Wheat Falls After U.S. Export Sales Slide, Rain May Help CropRudy Ruitenberg and Luzi Javier
Wheat fell in Chicago after weekly U.S. export sales declined and as rain forecast for parts of the U.S. Plains may improve crop conditions there.
U.S. wheat-export sales fell to 315,984 metric tons in the week through March 28, down from 828,624 tons in the prior week, the U.S. Department of Agriculture reported today. Old-crop sales slumped to 141,156 tons from 580,324 tons.
“These are bad numbers and you have to go back several weeks to see numbers as low,” Arnaud Saulais, a broker at Starsupply Commodity Brokers in Nyon, Switzerland, wrote in an e-mailed reply to questions.
Wheat for delivery in May fell as much as 1.7 percent to $6.845 a bushel on the Chicago Board of Trade and was at $6.89 by 8:49 a.m. local time.
“U.S. export sales are down 76 percent from the previous week,” said Kieran Walsh, a grain broker at Aurel BCG in Paris.
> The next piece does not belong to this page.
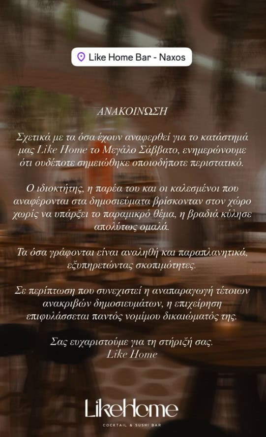 Παράλληλα, θέση πήρε και το κατάστημα όπου φέρεται να εκτυλίχθηκε το περιστατικό. Χωρίς να υιοθετεί υψηλούς τόνους, η πλευρά του αφήνει να εννοηθεί ότι δεν συνέβη κάτι αντίστοιχο με όσα περιγράφηκαν, επιχειρώντας να ρίξει τους τόνους και να αποκαταστήσει την αλήθεια.

While forecasts for rain may create some “hopeful” optimism, “the most significant factor is the export number,” he said.
Episodes of light rain and some heavier rainfall this weekend and into next week may help improve wheat conditions in the central and southern Plains of the U.S., Joel Burgio, an agricultural meteorologist at DTN, wrote in a report today.
Milling wheat for delivery in November traded on NYSE Liffe in Paris advanced 0.2 percent to 214.50 euros ($275.60) a metric ton, while the May contract climbed 0.5 percent to 241.75 euros a ton.
“The price of U.S. soft-red winter wheat remains low compared to the French price, but the demand for this type of quality is low right now,” Saulais said.
Soybeans fell for a second day in Chicago amid concern an outbreak in China of a new bird-flu strain may curb meat consumption, in turn reducing the oilseed’s use in animal feed in the world’s biggest importer.
The H7N9 strain of avian influenza that emerged in eastern China has infected at least 10 people and killed three of them, according to the official Xinhua News Agency. The new cases may stoke concern about a drop in poultry consumption, Paris-based farm adviser Agritel wrote.
Soybeans for delivery in May slipped 0.5 percent to $13.7325 a bushel in Chicago. Corn for delivery in May shed 0.5 percent to $6.385 a bushel, set to drop for a fourth session in five.